Be sure to direct the communication to the correct person or region. In most cases, a call to the plan’s provider relations department can help determine the appropriate contact. Get the name, title, address, email address, and fax number of the responsible party. It is also a good idea to use the representative’s preferred method of communication.
Make your request simple and clearly stated. Focus on the practice’s most commonly reported codes by revenue. Also, include the alternate procedure codes in the negotiation. During the conversation, politely convey the practice’s dissatisfaction with the existing fee schedule Following the initial discussion, the representative may instruct you to submit your office fees and/or your most utilized procedures.
All communications made during the negotiation process should be clearly and concisely documented in the event that there is ever a question about what was discussed or agreed upon. If the discussion occurs over the phone, send or request an email confirmation from the representative confirming the topics discussed and/or agreed upon. Follow-up as necessary with each request.
Evaluate the Response
As previously stated, never accept the first offer. Carefully evaluate any proposed fee changes and determine how they apply to the procedures performed in your office and to the practice’s overall revenue. Focus on the codes with the highest total revenues and/or profit margins.
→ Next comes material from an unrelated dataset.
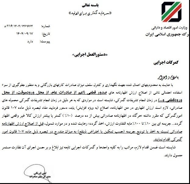 در این بخشنامه آمده است: با عنایت به محدودیتهای اعمال شده جهت نگهداری و کنترل سقف میزان صادرات کارتهای بازرگانی و به منظور جلوگیری از سو استفاده احتمالی ناشی از اصلاح ارزش اظهارنامههای صدور قطعی (اعم از صادرات، عام از محل ورود موقت، از محل ورود قطعی و....) در زمان انجام تشریفات گمرکی، شایسته است در مواردی که به هر دلیل در زمان انجام تشریفات گمرکی محمولههای صادراتی لازم است ارزش اظهاری در متن، اظهارنامه اصلاح به ویژه افزایش یابد، دستور فرمائید مفاد تبصره ذیل ماده 107 قانون امور گمرکی که مقرر داشته «هر گاه در اظهارنامه صادراتی بیش از ده درصد (10٪) کمتر یا بیشتر ارزش کالا غیر واقعی اظهار گردد… جریمهای بین 10 تا 100% مابهالتفاوت ارزش اخذ گردد»، رعایت شده و در موارد شمول قبل از اصلاح ارزش اظهارنامه صادراتی نسبت به اخذ با تودیع جریمه (حسب تمکین با اعتراض ذینفع) به میزان مندرج در تبصره ذیل ماده 107 قانون امور گمرکی اقدام نمایند.
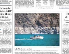 There’s a scary climate change photo on the front page of the Washington Post this morning showing just how much the water on Lake Mead has fallen from historic levels. The top of that white band shows the traditional water line.

Keep in mind the fee negotiation process is a numbers game. The offer may include what appears to be an eight percent overall increase for all reimbursed services, but may actually only provide a one percent increase for the practice’s most frequently performed services. Evaluate each offer based on your top 25 procedures to determine the potential impact the offered increase would have on your practice. Do not be afraid to ask for an increase as high as 20 percent, especially if participation in your area is low. However, keep in mind that most offers will be in the three to 10 percent range for a one to two year time frame.
Sign the Agreement
Following the negotiation, the payer will provide the practice with an agreement that will contain a list of new fees and the effective date of the fee increases. Review the contract carefully to determine if the agreement is the best option for the practice and if it contains any new provisions. If the new agreement is acceptable, notify the payer of your acceptance in writing. The payer should then acknowledge your acceptance in writing. Confirm the effective date of the increased fee schedule with the payer. Remember, the new fee schedule is not considered effective until both parties have signed the new contract.
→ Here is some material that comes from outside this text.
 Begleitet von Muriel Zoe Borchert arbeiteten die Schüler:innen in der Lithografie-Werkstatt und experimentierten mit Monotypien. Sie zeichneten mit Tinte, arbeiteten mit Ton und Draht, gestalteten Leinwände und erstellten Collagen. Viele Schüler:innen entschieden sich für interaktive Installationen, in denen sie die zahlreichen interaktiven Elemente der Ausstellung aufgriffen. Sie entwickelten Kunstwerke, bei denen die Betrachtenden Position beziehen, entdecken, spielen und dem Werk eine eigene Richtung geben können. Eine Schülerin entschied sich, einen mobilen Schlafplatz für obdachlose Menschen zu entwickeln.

Sometimes the updated fee schedule is not reimbursed with the first claim submitted after the effective date. Monitor explanation of benefits (EOBs) received for a few weeks or months following the implementation of the new fee schedule. If underpayments occur, always notify the payer and request correct
Negotiating a new fee schedule can be daunting and time consuming. However, it is usually worth the effort. Payers may be open to negotiating, and you should take advantage of any opportunity to increase your in-network reimbursements. Before beginning the negotiation process, be sure to analyze the major contributing factors.
The bottom line is that, if you do not ask for a fee increase, it is unlikely you will ever receive one. Most payers will entertain a request for a fee increase every two years, sometimes annually. Be prepared to contact the proper individual, make your case, and let the negotiations begin. Remember, the worst thing that could happen is for the payer to say “no.”